Data section:
╭──
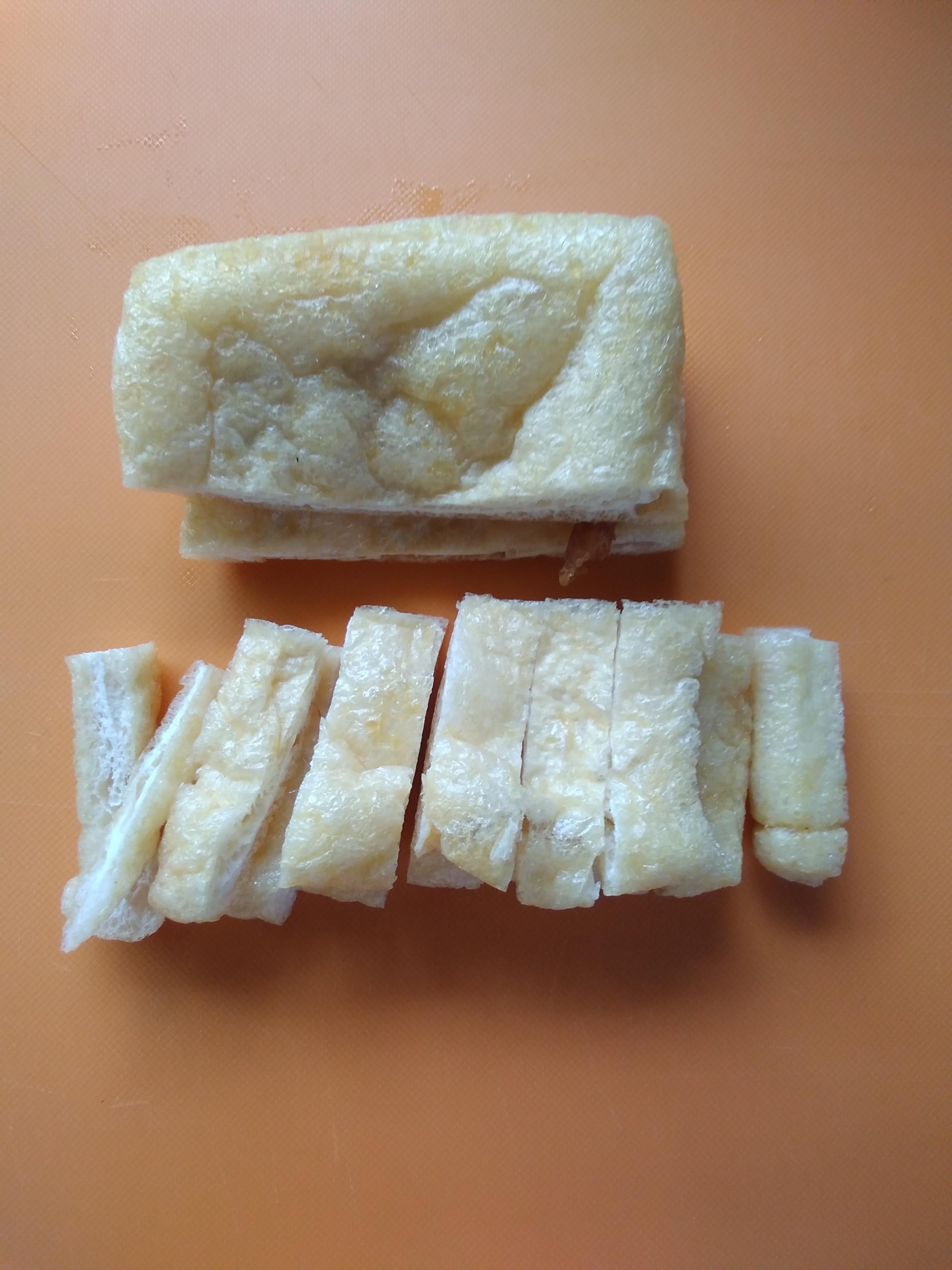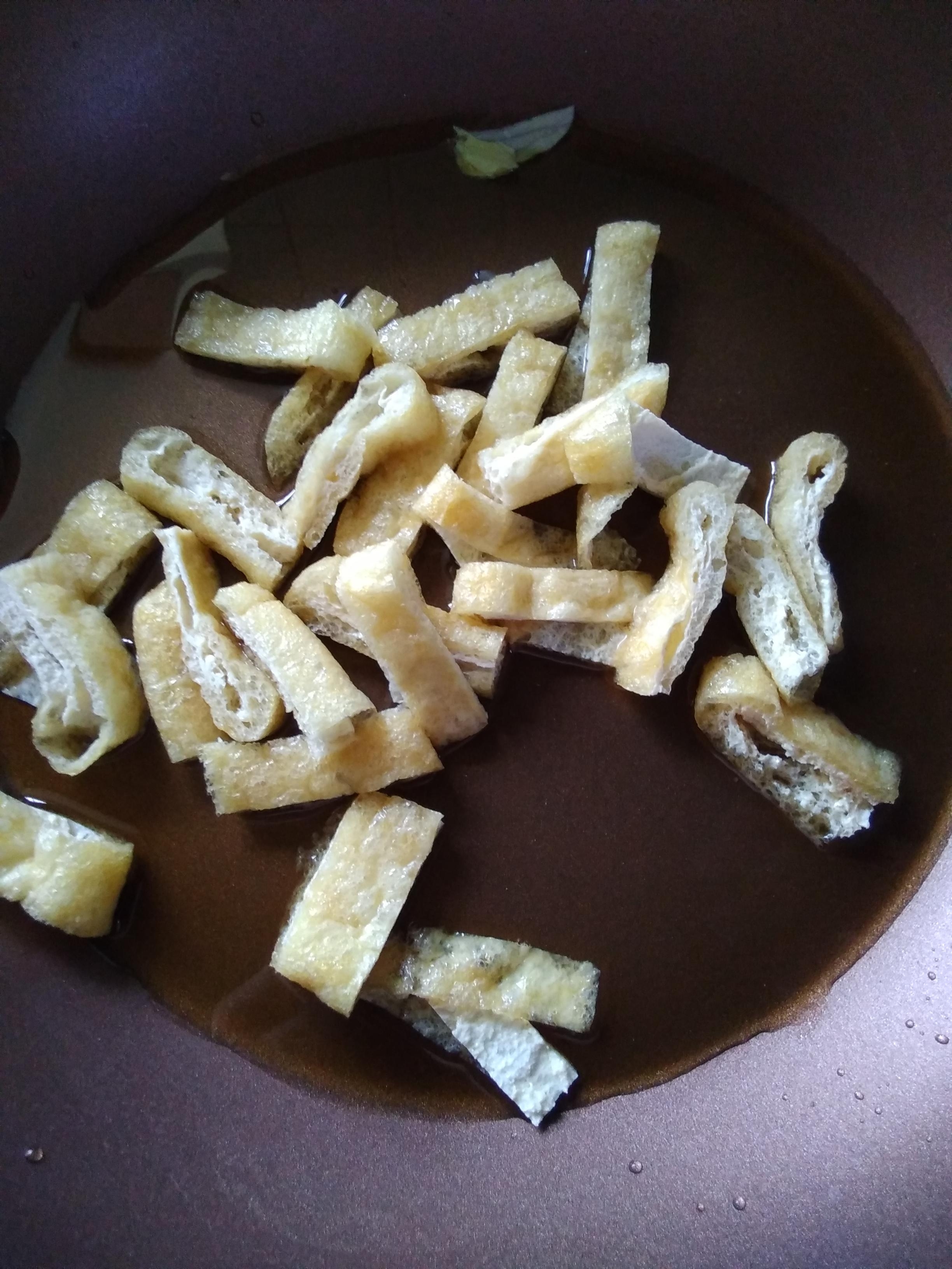 鍋に水、みりん、醤油、シマヤだしの素を入れ混ぜ合わせ油揚げを加えます。
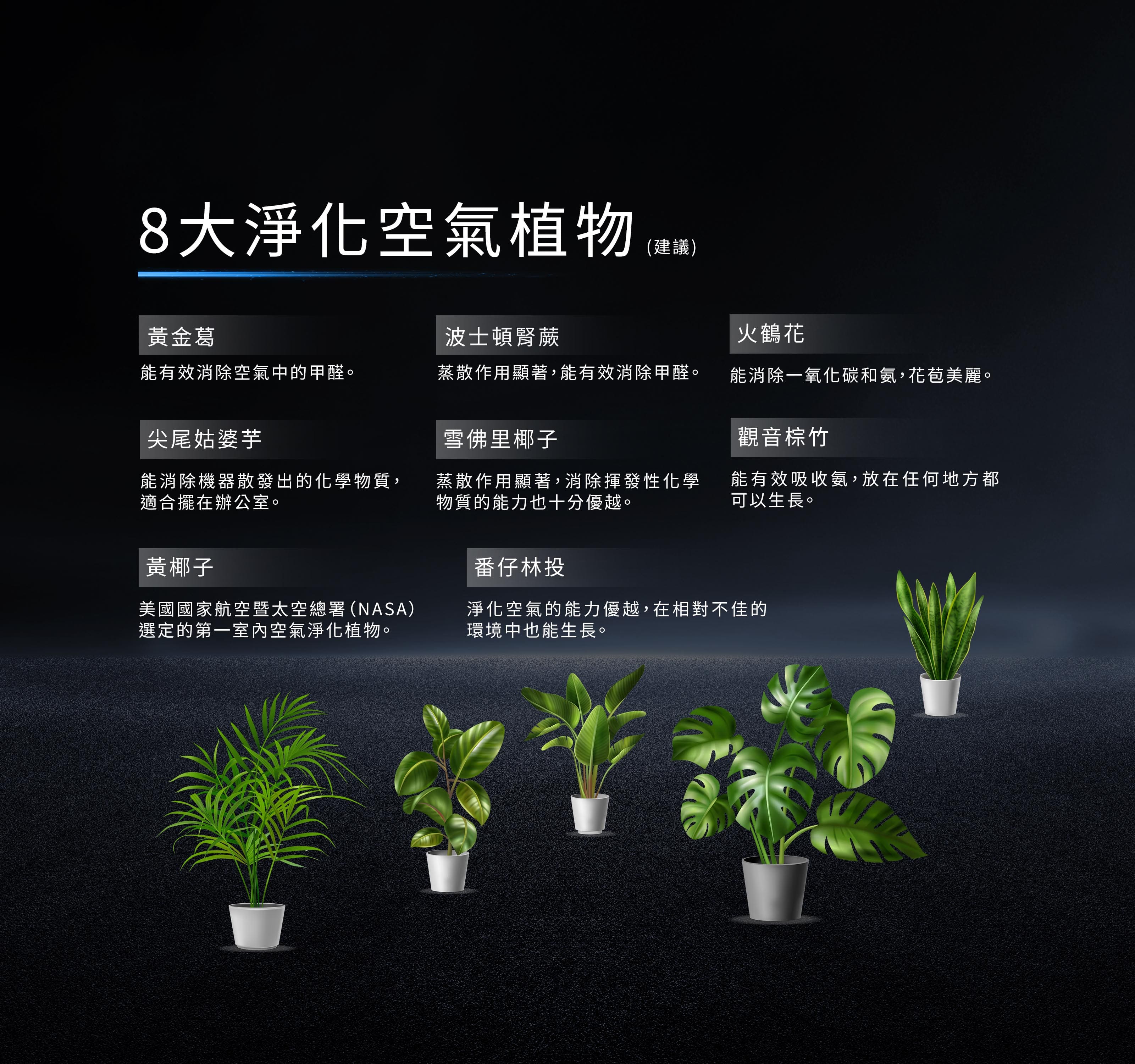 負離子針對異味消除有著顯著的效果,同時也能附著在灰塵上,讓其變重落下更好捕捉。
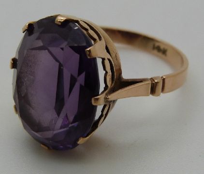 A 14ct gold ring set with a synthetic colour change sapphire, a hallmarked silver bangle and a bracelet
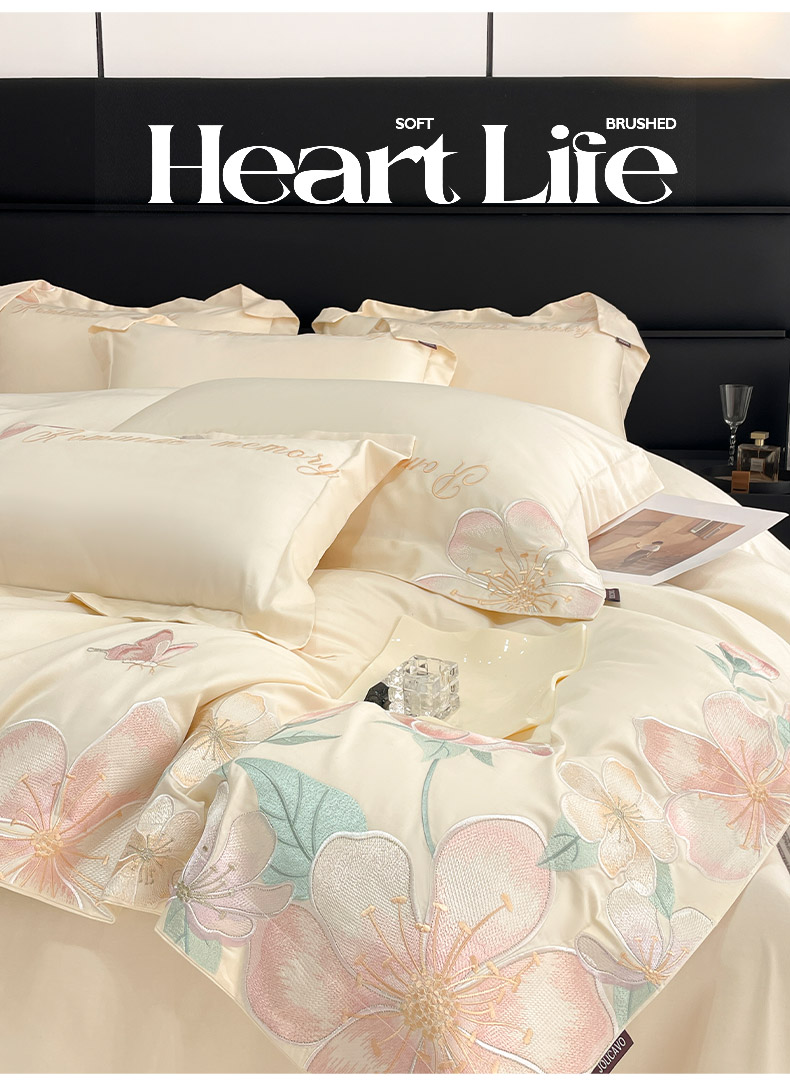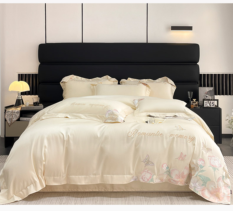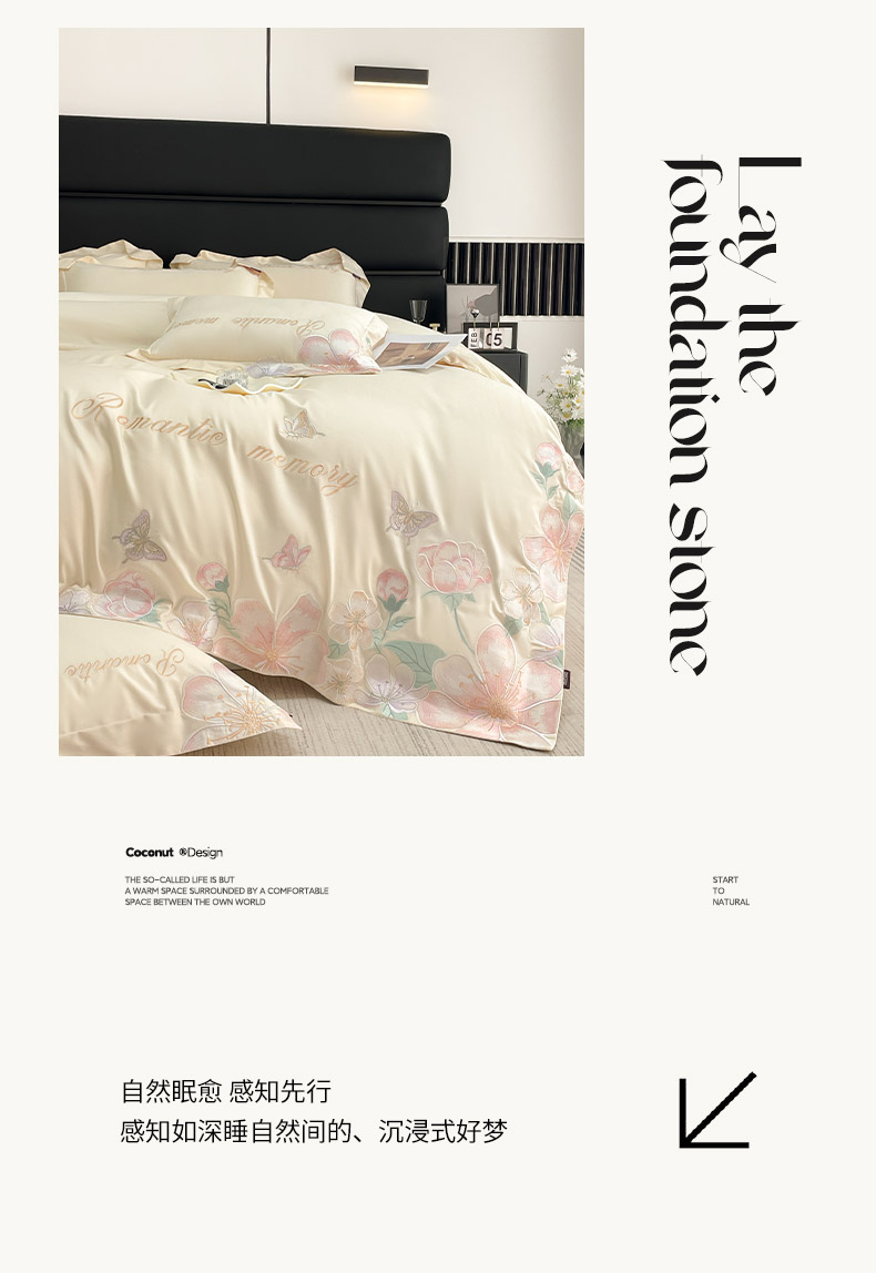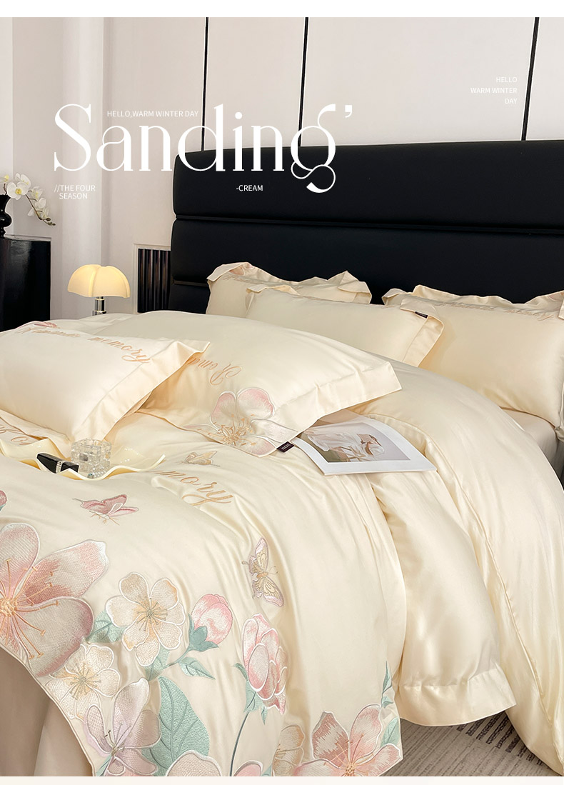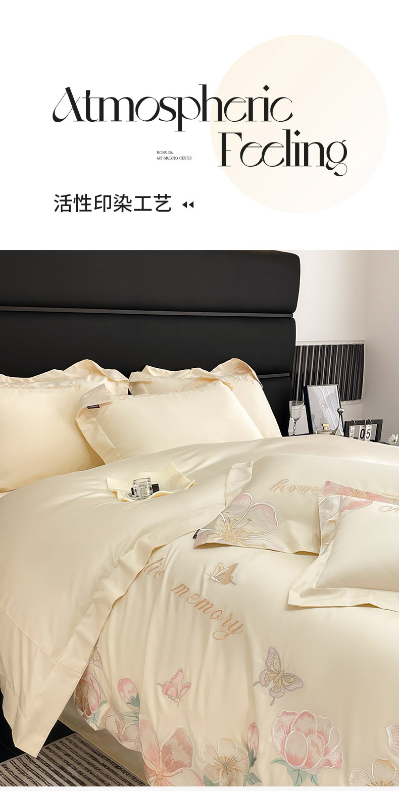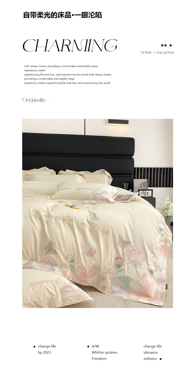 2025春夏A类100支长绒棉四件套纯棉全棉轻奢风床单被套重工刺绣床上用品-花漫屿 花漫屿-奶玉
╰──
Beginning with the line that contains "A 14ct gold" and ending with the last line of the data, transcribe each line exactly; pictures stay out.

 A 14ct gold ring set with a synthetic colour change sapphire, a hallmarked silver bangle and a bracelet
 2025春夏A类100支长绒棉四件套纯棉全棉轻奢风床单被套重工刺绣床上用品-花漫屿 花漫屿-奶玉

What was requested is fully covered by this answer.